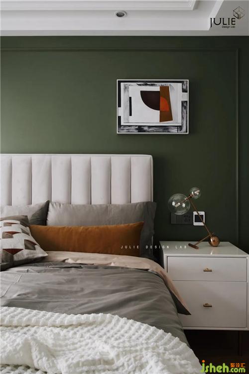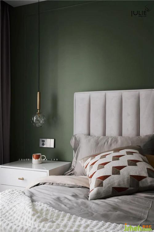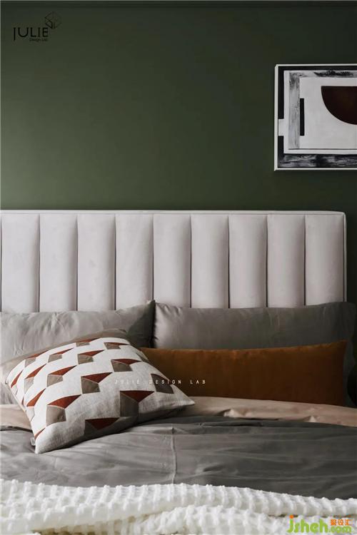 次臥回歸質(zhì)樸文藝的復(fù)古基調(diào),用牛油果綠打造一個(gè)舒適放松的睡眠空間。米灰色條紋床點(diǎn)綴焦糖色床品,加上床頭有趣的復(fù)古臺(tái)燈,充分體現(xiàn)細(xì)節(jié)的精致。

------------------------

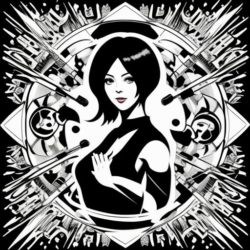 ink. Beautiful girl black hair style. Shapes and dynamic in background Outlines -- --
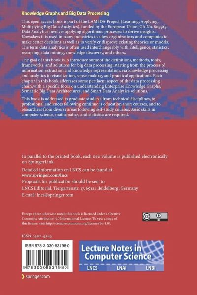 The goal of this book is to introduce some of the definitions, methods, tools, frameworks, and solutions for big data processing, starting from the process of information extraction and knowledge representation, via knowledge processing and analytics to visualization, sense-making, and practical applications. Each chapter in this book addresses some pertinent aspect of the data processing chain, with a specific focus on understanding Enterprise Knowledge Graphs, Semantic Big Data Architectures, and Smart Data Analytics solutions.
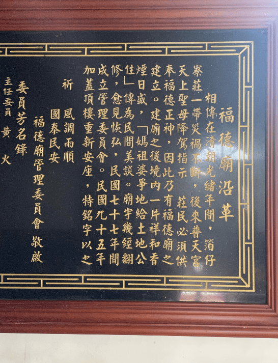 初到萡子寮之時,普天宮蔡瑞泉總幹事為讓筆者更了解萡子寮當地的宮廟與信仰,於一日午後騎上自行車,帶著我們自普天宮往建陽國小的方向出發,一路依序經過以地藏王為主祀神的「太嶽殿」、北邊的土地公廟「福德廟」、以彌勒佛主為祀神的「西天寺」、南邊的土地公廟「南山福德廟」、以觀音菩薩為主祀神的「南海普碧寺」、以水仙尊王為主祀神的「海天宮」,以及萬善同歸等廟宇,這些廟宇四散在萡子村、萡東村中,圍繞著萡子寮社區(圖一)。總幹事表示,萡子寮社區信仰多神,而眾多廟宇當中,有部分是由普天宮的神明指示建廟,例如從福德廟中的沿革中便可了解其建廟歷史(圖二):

------------------------

• TASK TO COMPLETE
From the line with "ink. Beautiful girl" up to and including the line with "初到萡子寮之時,普天宮蔡瑞泉" above, retype every line exactly and nothing more; leave out the pictures.

• RESULT OF THE TASK
 ink. Beautiful girl black hair style. Shapes and dynamic in background Outlines -- --
 The goal of this book is to introduce some of the definitions, methods, tools, frameworks, and solutions for big data processing, starting from the process of information extraction and knowledge representation, via knowledge processing and analytics to visualization, sense-making, and practical applications. Each chapter in this book addresses some pertinent aspect of the data processing chain, with a specific focus on understanding Enterprise Knowledge Graphs, Semantic Big Data Architectures, and Smart Data Analytics solutions.
 初到萡子寮之時,普天宮蔡瑞泉總幹事為讓筆者更了解萡子寮當地的宮廟與信仰,於一日午後騎上自行車,帶著我們自普天宮往建陽國小的方向出發,一路依序經過以地藏王為主祀神的「太嶽殿」、北邊的土地公廟「福德廟」、以彌勒佛主為祀神的「西天寺」、南邊的土地公廟「南山福德廟」、以觀音菩薩為主祀神的「南海普碧寺」、以水仙尊王為主祀神的「海天宮」,以及萬善同歸等廟宇,這些廟宇四散在萡子村、萡東村中,圍繞著萡子寮社區(圖一)。總幹事表示,萡子寮社區信仰多神,而眾多廟宇當中,有部分是由普天宮的神明指示建廟,例如從福德廟中的沿革中便可了解其建廟歷史(圖二):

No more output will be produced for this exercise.